Why do researcher need to control all C&C servers of a botnet?

Wouldn't it be easier to spread a deinstall command to all reachable PCs to cripple the botnet? This could be done over and over again until most PCs are clean.

Apparently I don't know enough about botnets, so please help me out. Do clients check commands from multiple sources? I.e. in a P2P botnet, do they accept multiple commands from various other bots and then compare them to check which one is valid? Same for C&C servers. Will they connect to the first active C&C and execute whatever command is placed for there? If so, the only two things hindering researchers from using the botnet infrastructure is access to C&C servers and possibly encryption keys to send valid commands.

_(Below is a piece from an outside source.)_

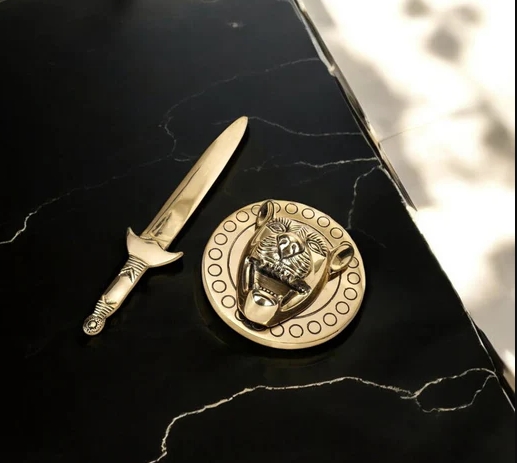 The Brass Lion Face with Sword isn’t just about Vastu—it’s also a stunning piece of art. With its antique finish and regal design, it makes for an elegant home decor item. It can be a thoughtful gift for loved ones who appreciate spiritual remedies or antique home accessories. Whether it’s for good luck or adding a touch of grandeur, this sword is perfect for gifting on special occasions.
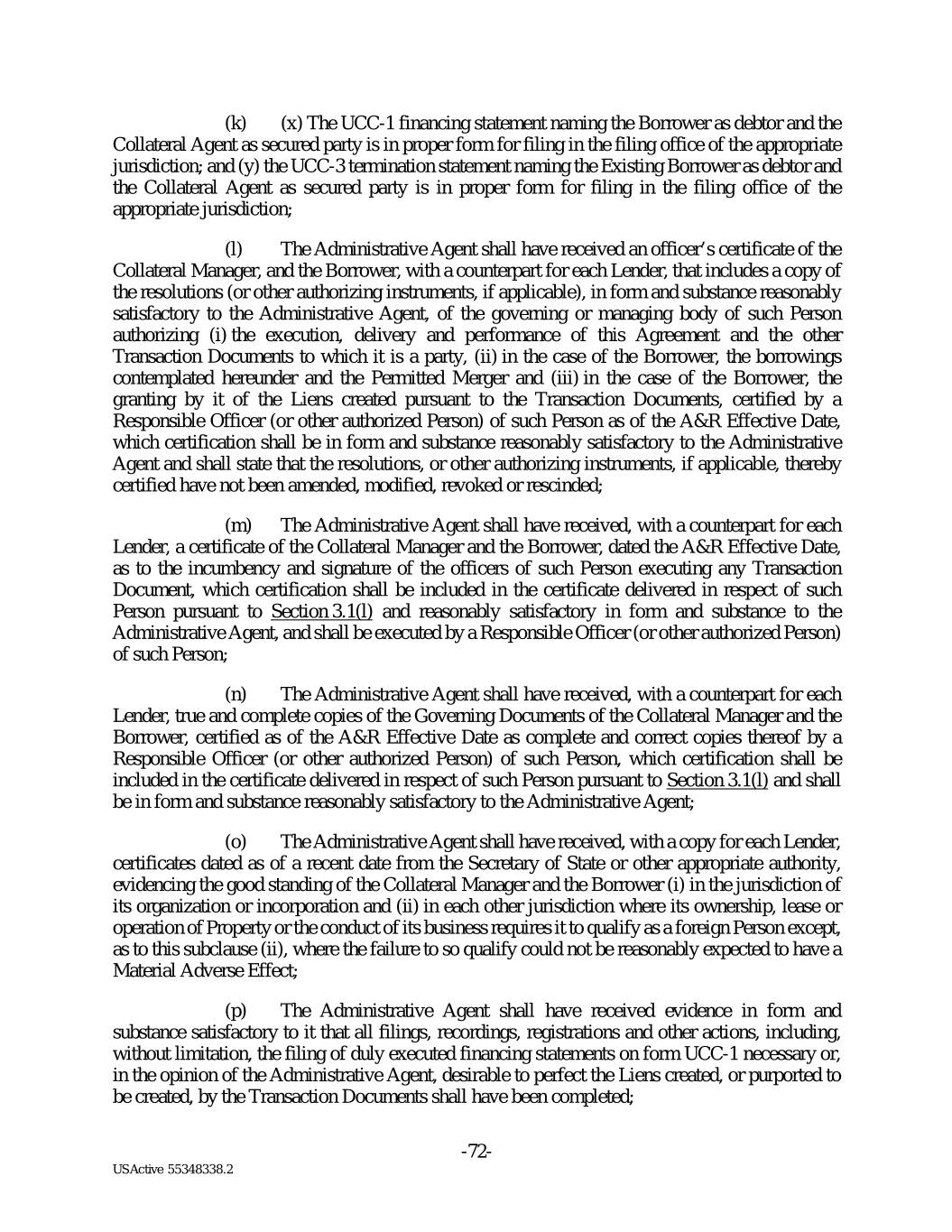(k) (x) The UCC-1 financing statement naming the Borrower as debtor and the Collateral Agent as secured party is in proper form for filing in the filing office of the appropriate jurisdiction; and (y) the UCC-3 termination statement naming the Existing Borrower as debtor and the Collateral Agent as secured party is in proper form for filing in the filing office of the appropriate jurisdiction; (l) The Administrative Agent shall have received an officer’s certificate of the Collateral Manager, and the Borrower, with a counterpart for each Lender, that includes a copy of the resolutions (or other authorizing instruments, if applicable), in form and substance reasonably satisfactory to the Administrative Agent, of the governing or managing body of such Person authorizing (i) the execution, delivery and performance of this Agreement and the other Transaction Documents to which it is a party, (ii) in the case of the Borrower, the borrowings contemplated hereunder and the Permitted Merger and (iii) in the case of the Borrower, the granting by it of the Liens created pursuant to the Transaction Documents, certified by a Responsible Officer (or other authorized Person) of such Person as of the A&R Effective Date, which certification shall be in form and substance reasonably satisfactory to the Administrative Agent and shall state that the resolutions, or other authorizing instruments, if applicable, thereby certified have not been amended, modified, revoked or rescinded; (m) The Administrative Agent shall have received, with a counterpart for each Lender, a certificate of the Collateral Manager and the Borrower, dated the A&R Effective Date, as to the incumbency and signature of the officers of such Person executing any Transaction Document, which certification shall be included in the certificate delivered in respect of such Person pursuant to Section 3.1(l) and reasonably satisfactory in form and substance to the Administrative Agent, and shall be executed by a Responsible Officer (or other authorized Person) of such Person; (n) The Administrative Agent shall have received, with a counterpart for each Lender, true and complete copies of the Governing Documents of the Collateral Manager and the Borrower, certified as of the A&R Effective Date as complete and correct copies thereof by a Responsible Officer (or other authorized Person) of such Person, which certification shall be included in the certificate delivered in respect of such Person pursuant to Section 3.1(l) and shall be in form and substance reasonably satisfactory to the Administrative Agent; (o) The Administrative Agent shall have received, with a copy for each Lender, certificates dated as of a recent date from the Secretary of State or other appropriate authority, evidencing the good standing of the Collateral Manager and the Borrower (i) in the jurisdiction of its organization or incorporation and (ii) in each other jurisdiction where its ownership, lease or operation of Property or the conduct of its business requires it to qualify as a foreign Person except, as to this subclause (ii), where the failure to so qualify could not be reasonably expected to have a Material Adverse Effect; (p) The Administrative Agent shall have received evidence in form and substance satisfactory to it that all filings, recordings, registrations and other actions, including, without limitation, the filing of duly executed financing statements on form UCC-1 necessary or, in the opinion of the Administrative Agent, desirable to perfect the Liens created, or purported to be created, by the Transaction Documents shall have been completed; -72- USActive 55348338.2

The point is that simply removing the C&C servers leaves the affected PC wide open an possibly even in a state where it constantly tries to communicate with other bots / download commands? So if ever another C&C server gets reachable, the bots will be active again.

A possible reason that sprung to my mind was that deinstalling anything from a target PC could possibly be seen as an unlawful interaction with one's PC.

2 Answers 2


In answer to your questions about bots, this depends on the bot itself, I mean it is up to its designer to design how the bot itself receives commands.

The 'traditional' method is ofcourse to connect to a IRC channel and wait for instruction,

P2P is often more difficult to implement (due to NAT/Port Forwarding) and easier to detect (because holes in firewalls are easier to see. )

'Taking ownership' of C&C Servers, it is primarily to ensure that nobody else does, even by accident, and primarily to ensure that a IP address does not get 'hammered' to much if the IP is allowed back into general circulation (for example, imaging a botnet of 2 million machines hitting a IP address once per day, thats 1388.8 tcp connections per minute. could have a detrimental effect. )

As for 'not self destructing' the bots themselves, it is because it is not ethical to run code on another machine without the users consent (even if it is for their own good. ). Its possible that the removal might require a reboot in some cases, or might effect running processes. (if my machine reboots without my knowledge I am going to go out hunting for blood. can you imagine the backlash if the un-install process caused some damage by accident?)


There are likely legal and ethical implications in utilizing a botnet's infrastructure to uninstall it remotely on all affected hosts. It may not be legal for even the authorities in a country to access personal or corporate resources. In addition, if the uninstall is not successful or poorly planned it could have further negative consequences. There is also no guarantee that it would uninstall from all affected nodes.

By shutting down the C&C servers, law enforcement is also often targeting the people and the resources- i.e., they are seeking more than a technical fix.